Herein, we present a strategy for fabricating bulk rGO-Cu nano-laminated composite with high rGO content (∼45 vol%) by bottom-up assembly and reduction of CuO/GO/CuO sandwich-like nanosheets. This process technique realized simultaneous uniform dispersion and ordering of high content graphene in metal matrix. Its microstructure and mechanical properties were characterized and discussed and the as-obtained bulk nano-laminated composite exhibited recoverable deformation strain at least one order of magnitude greater than that of pure copper as well as increased specific strength because of high content graphene.
Results and Discussion
Preparation strategy
The challenges in fabricating graphene-metal bulk nano-laminated composite mainly lie in the following factors: homogenous dispersion and efficient ordering of graphene in metal matrix; consolidation of graphene-metal composite. These challenges will be much tougher when the graphene content is high. First, due to its large surface area and high surface energy that easily lead to agglomerations and restacking, as well as notable density difference between graphene and metals, it is extremely difficult to disperse graphene into metals homogeneously. Second, agglomeration and restacking of graphene also prevents consolidation of composite and results in a porous, fragile hybrid. Thirdly, no efficient method exists for odering graphene in metal matrix. Graphene could be incorporated into metal matrix in an ordered form by a modified powder metallurgy techonology42, by which graphene is absorbed onto the surface of flaky metal powder and then the composite powder is compacted into bulk, but consolidation will be a challenge when the fraction of graphene exceed a limit of about 3 vol%. The most frequent method for producing nanolayered composite is layer-by-layer assembly (LBL)44, which requires the methodical layering of the composite constituents via exposure of a substrate to alternating solutions of them. Although LBL can produce nanolayered composite with excellent properties, the low throughput limits this technique to film materials.
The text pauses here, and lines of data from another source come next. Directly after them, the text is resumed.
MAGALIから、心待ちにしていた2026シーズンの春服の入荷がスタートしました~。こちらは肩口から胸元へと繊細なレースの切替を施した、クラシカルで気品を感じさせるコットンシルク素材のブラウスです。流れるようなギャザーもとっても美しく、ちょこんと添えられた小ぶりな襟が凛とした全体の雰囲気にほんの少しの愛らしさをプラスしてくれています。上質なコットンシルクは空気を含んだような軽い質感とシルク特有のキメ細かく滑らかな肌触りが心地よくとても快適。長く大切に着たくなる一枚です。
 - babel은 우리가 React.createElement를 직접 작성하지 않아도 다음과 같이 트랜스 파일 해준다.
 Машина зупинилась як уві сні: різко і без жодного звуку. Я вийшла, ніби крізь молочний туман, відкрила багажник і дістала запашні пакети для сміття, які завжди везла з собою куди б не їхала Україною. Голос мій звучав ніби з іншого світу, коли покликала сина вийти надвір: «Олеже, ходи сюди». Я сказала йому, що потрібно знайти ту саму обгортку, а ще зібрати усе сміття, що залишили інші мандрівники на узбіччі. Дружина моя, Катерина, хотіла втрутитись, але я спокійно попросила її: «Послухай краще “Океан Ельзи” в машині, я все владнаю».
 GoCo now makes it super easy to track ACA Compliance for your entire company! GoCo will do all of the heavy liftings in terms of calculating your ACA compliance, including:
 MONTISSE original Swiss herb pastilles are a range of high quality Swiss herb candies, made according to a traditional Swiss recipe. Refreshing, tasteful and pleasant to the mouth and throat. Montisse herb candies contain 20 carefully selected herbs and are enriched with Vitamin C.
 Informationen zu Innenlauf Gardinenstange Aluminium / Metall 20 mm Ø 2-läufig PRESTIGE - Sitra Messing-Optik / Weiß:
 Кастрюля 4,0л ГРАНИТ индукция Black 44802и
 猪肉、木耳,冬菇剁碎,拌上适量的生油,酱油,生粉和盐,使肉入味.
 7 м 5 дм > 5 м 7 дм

In this work, we present a strategy to fabricate high content graphene-copper bulk nano-laminated composite by bottom-up assembly and reduction of CuO/GO/CuO sandwich-like nanosheets, by which the main obstacles mentioned above could be overcome to some extent. The whole fabrication process in this work was schematically shown in Fig. 1.
Schematic presentation for fabricating rGO-Cu nano-laminated composite by assembling sandwich-like units.
(a) Deposition of CuO on both sides of graphene oxide (GO) to form CuO/GO/CuO sandwich-like nanosheet. (b) Assembling sandwich-like nanosheet via vacuum filtration; (c) Reducing CuO/GO in a H2/Ar mixed atmosphere. (d) Stacking the Cu/rGO film and then hot-pressing to obtain bulk nano-laminated composite, typically with a diameter of 10 mm.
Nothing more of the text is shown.